Stored entries

========

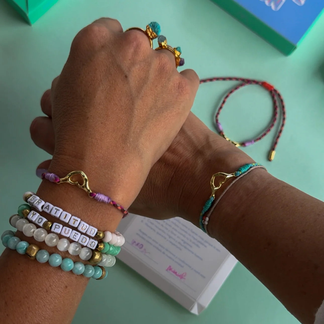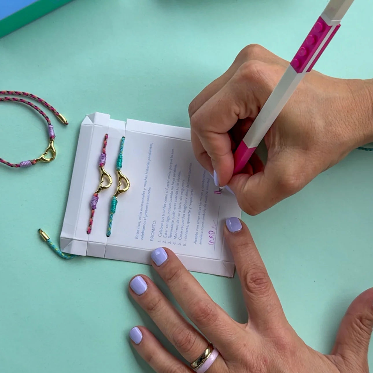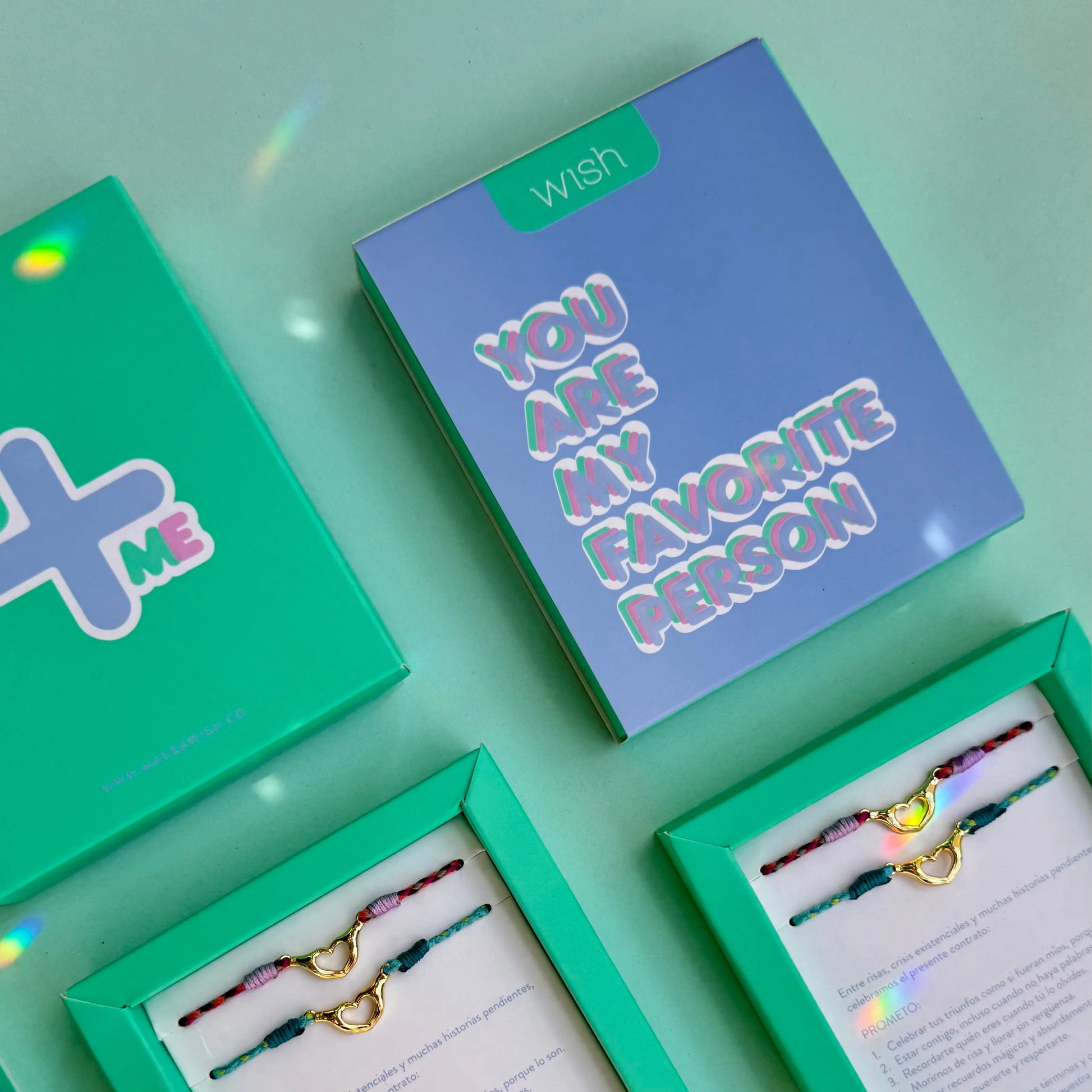 Este set incluye dos pulseras ajustables con dije de manos doradas y un contrato para sellar esa relación que ya es ley: la risa eterna, los secretos compartidos y la certeza de estar ahí siempre.
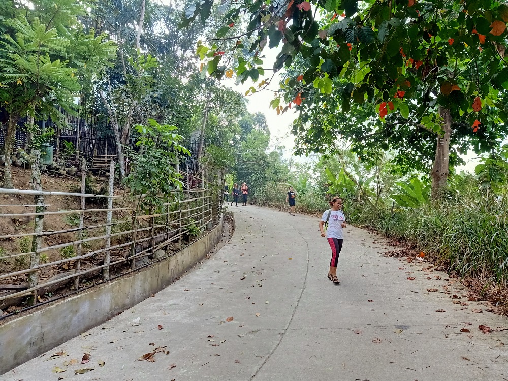 Since we had the summit all to ourselves, we took the chance to snap pictures around the summit area. Afterwards, I went off to descend on my own. In no time, I reached the store which, upon my arrival, was now open! I ordered a stick of banana cue, a cup of buko juice, and a cup of avocado shake to quench my thirst. After such a needed food break, I went ahead and followed the trail that exits through the cemented road. I ran a good portion of the descending pavement and reached the barangay hall in no time.
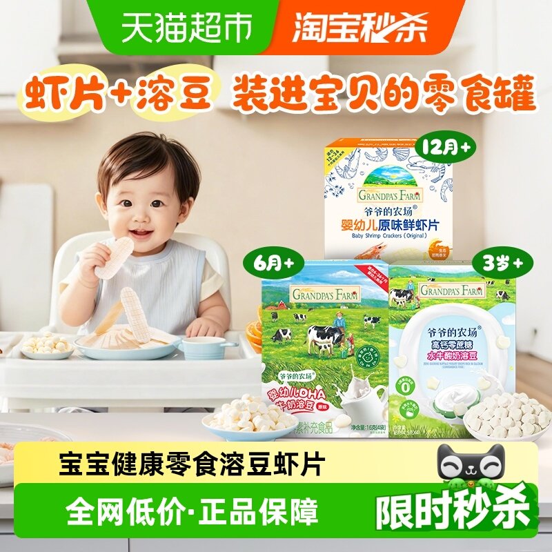 爷爷的农场DHA溶豆虾片磨牙饼干水牛酸奶溶溶豆儿童零食宝宝零食
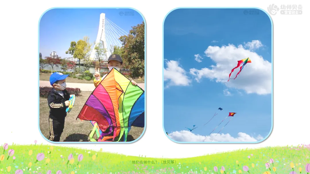 鼓励家长在周末带领幼儿外出踏青,记录幼儿放风筝、找花朵的趣味时刻,感受春天的生机。
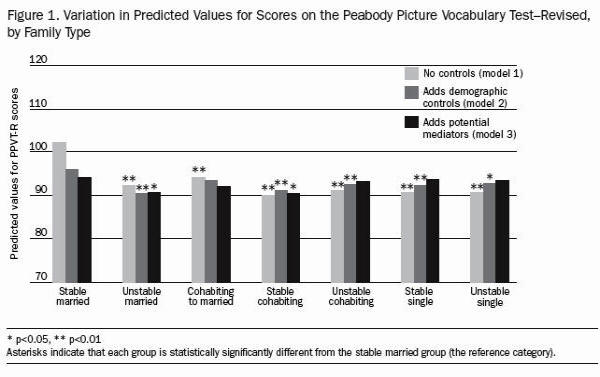 We show selected results in figures 1 through 3.64 In these figures, we show how children's predicted scores on the outcome measures vary as a function of their family type. Figure 1 displays results for the PPVT–R. In model 1, all types of nontraditional or unstable families are associated with lower scores. Results for model 2 are similar, with the exception of the cohabitation to marriage category, which is now no longer significantly different from the stable married category. In model 3, the possible mediators explain some, but not all, of these negative effects.
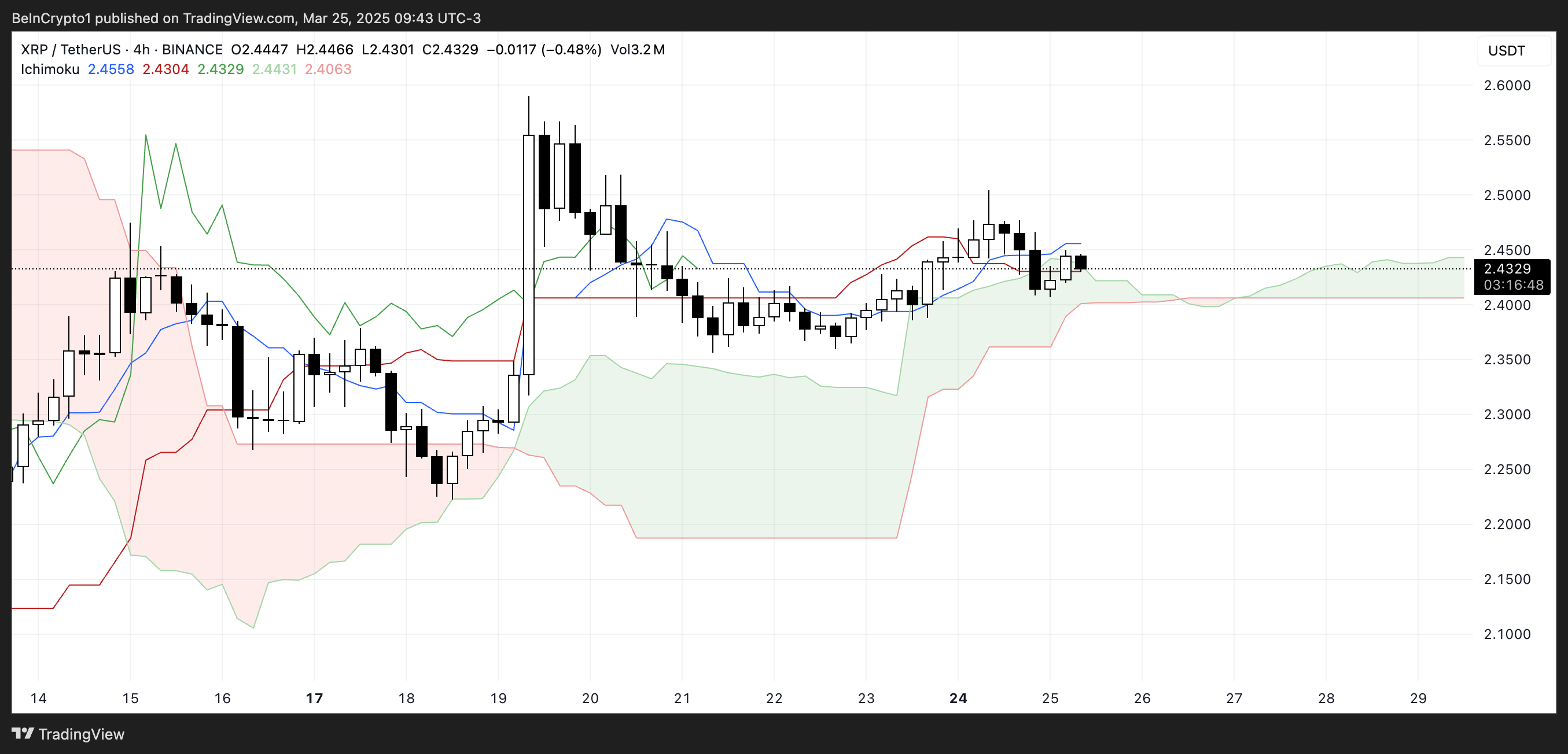 Wykres chmury Ichimoku dla XRP pokazuje rynek w konsolidacji, z ceną unoszącą się tuż nad chmurą. Jednak wyraźnie XRP spowalnia impet.
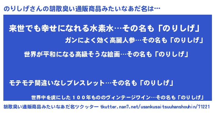 | ヘコむあだ名 | 『なまこ酢』『のりしげ(笑)』 |

========

Please reproduce exactly, and nothing more, the lines from the one containing "Wykres chmury Ichimoku" through the last line of the entries, both included; pictures stay out.

## Written answer
 Wykres chmury Ichimoku dla XRP pokazuje rynek w konsolidacji, z ceną unoszącą się tuż nad chmurą. Jednak wyraźnie XRP spowalnia impet.
 | ヘコむあだ名 | 『なまこ酢』『のりしげ(笑)』 |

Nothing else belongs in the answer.